Allan C. Brownfeld, Editor
Special Interest Report
April 2019

His future imperiled by prosecutors and political challengers, Israeli Prime Minister Netanyahu outraged Jewish leaders in Israel, the U.S. and throughout the world by striking a bargain with a racist, anti-Arab party whose ideology was likened by one influential rabbi to Nazism.  
Mr. Netanyahu turned to the Otzma Yehudit or Jewish Power party whose leaders, The New York Times (Feb. 25, 2019) noted, "...have a long history of expressing support for violence against Palestinians, expulsion of Arabs from Israel and the occupied territories, and a ban on intermarriage or sex between Jews and Arabs. Otzma Yehudit's leaders proudly call themselves disciples of Meir Kahane, the Brooklyn-born anti-Arab militant who served a term in Israel's Parliament in the 1980s before his Kach party was outlawed in Israel and declared a terrorist group by the United States. He was assassinated in 1990."  
The prime minister arranged for the group to merge into a somewhat more mainstream party of religious Zionists, the Jewish Home party. That pact could catapult Otzma Yehudit from the disreputable fringe into Israel's next government coalition.  
Even groups which rarely criticize the Israeli government, AIPAC and the American Jewish Committee, called Otzma Yehudit's ideas "reprehensible" and refused any contacts with its leaders, even if they became part of a future government. Rabbi Benny Lau of Jerusalem, a pillar of religious Zionism, warned that "the defilement and destruction of the land serves as a guarantee for the loss of the land." He lamented that the prime minister seemed concerned only with re-election and in a sermon from the pulpit of the Rambam Synagogue he likened Kahanism to Nazism and its ideas to the Nuremburg Laws. He wrote that, "The entry of the racist doctrine into the Knesset is the destruction of the Temple."  

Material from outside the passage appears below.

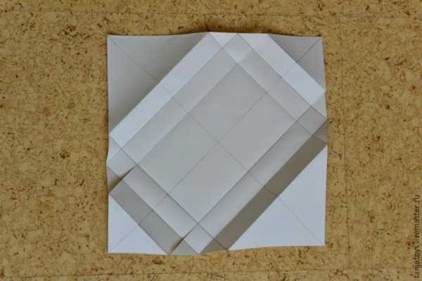 По всем линиям (кроме первых диагоналей) сгибаем, и собираем, как оригами.

Yohanon Plesner, president of the Israel Democracy Institute, said, "There's a difference between a racist party entering the Knesset---the fringes of Israeli democracy can unfortunately contain such elements ---and their being encouraged by the prime minister."  
A leader of the Jewish Home party. Bezalel Smotric. who could be handed a ministerial post in a new government, called himself "a proud homophobe," supported segregated maternity wards for Arab and Jewish women, and said Jewish developers should not have to sell homes to Arabs and favored a shoot-to-kill policy against Palestinian stone-throwers.  
Israeli historian and journalist Gershom Gorenburg wrote of Prime Minister Netanyu (Washington Post, (Feb. 24, 2019): "No Faustian bargain is beyond him. If the price of survival is turning Kahane's hate-spouting racist heirs from pariahs to partners, Netanyahu is willing. Unlike his alleged bribe taking, this pact is not illegal. Yet, historically, and morally, it is an even greater offense."  
A statement by eight American Jewish groups, including the New Israel Fund, J Street, the National Council of Jewish Women and the Reconstructionist movement declared: "We are outraged that right-wing political parties and their leadership have reversed course and opened the door for Kahanists to enter into the Israeli political mainstream.”  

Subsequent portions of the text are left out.